Regardless of the political motives behind it, the sale remains a bitter pill for the Spanish state to swallow: the roughly 11 billion euros in losses are nearly equivalent to the cuts in made in public health and education funding through the austerity measures imposed in response to the crisis. This is grist for the Podemos mill to grind during the run up to the 2015 municipal elections. It also clearly shows the amount of valueless garbage still floating about the Spanish financial system, that sooner or later will have to be cleared out and accounted for.
Sources and Notes:
“Duran i Lleida deja el cargo de secretario general de CiU,” eldiario.es, 21 July 2014
 I refer here to the whole “I invited you”, “no you didn’t”, “yes I did” farce that was played out for public consumption over the last two weeks.
 Felipe de Borbón is not himself unpopular; the majority of Catalans simply dislike the institution.

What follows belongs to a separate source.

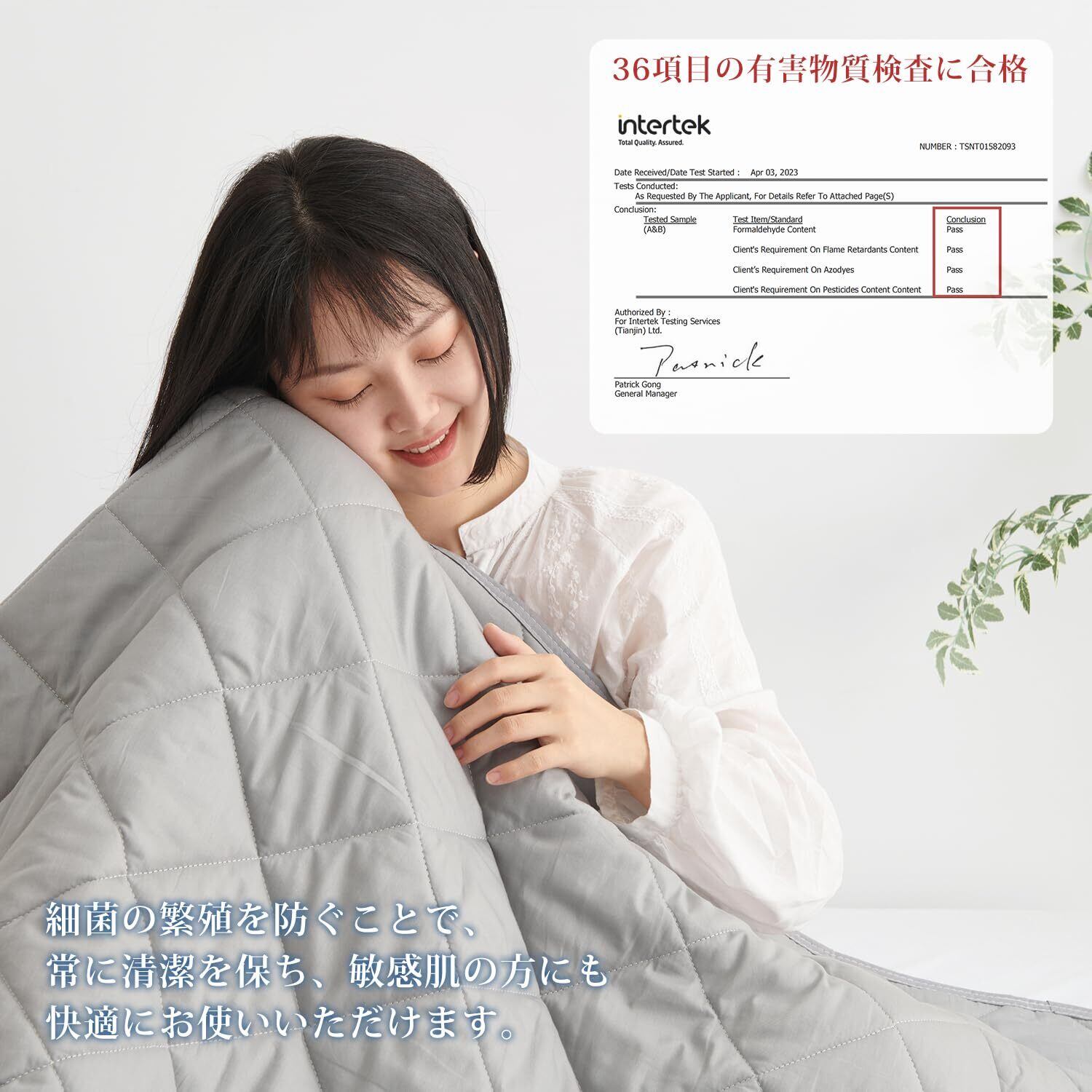 <丸洗いok! いつも清潔に>:毎日使う寝具だから、やっぱり汚れは避けられません。ご自宅で気軽に洗濯できます。厚生労働省が定める基準値を下回る、抗菌・防臭・防ダニ加工・低アレルゲンを実現しました。お肌がデリケートの方やお子様にも安心使用してください。いつも清潔にご使用いただけます。

 Just as ante-bellum Southerners were keen on protecting the odious “three-fifths” provision in the US Constitution that counted their human chattel as 3/5 of a free man for census purposes, this rigid defense of a document that no longer reflected the reality of the nation led to civil war and the destruction of the Southern plantation civilization.
Iñigo de Barrón, “El Estado pierde unos 11.500 millones al vender Catalunya Banc al BBVA,” El País, 21 July 2014
Of course, all banks in Spain are Spanish banks, regardless of which Autonomous Community they are headquartered in.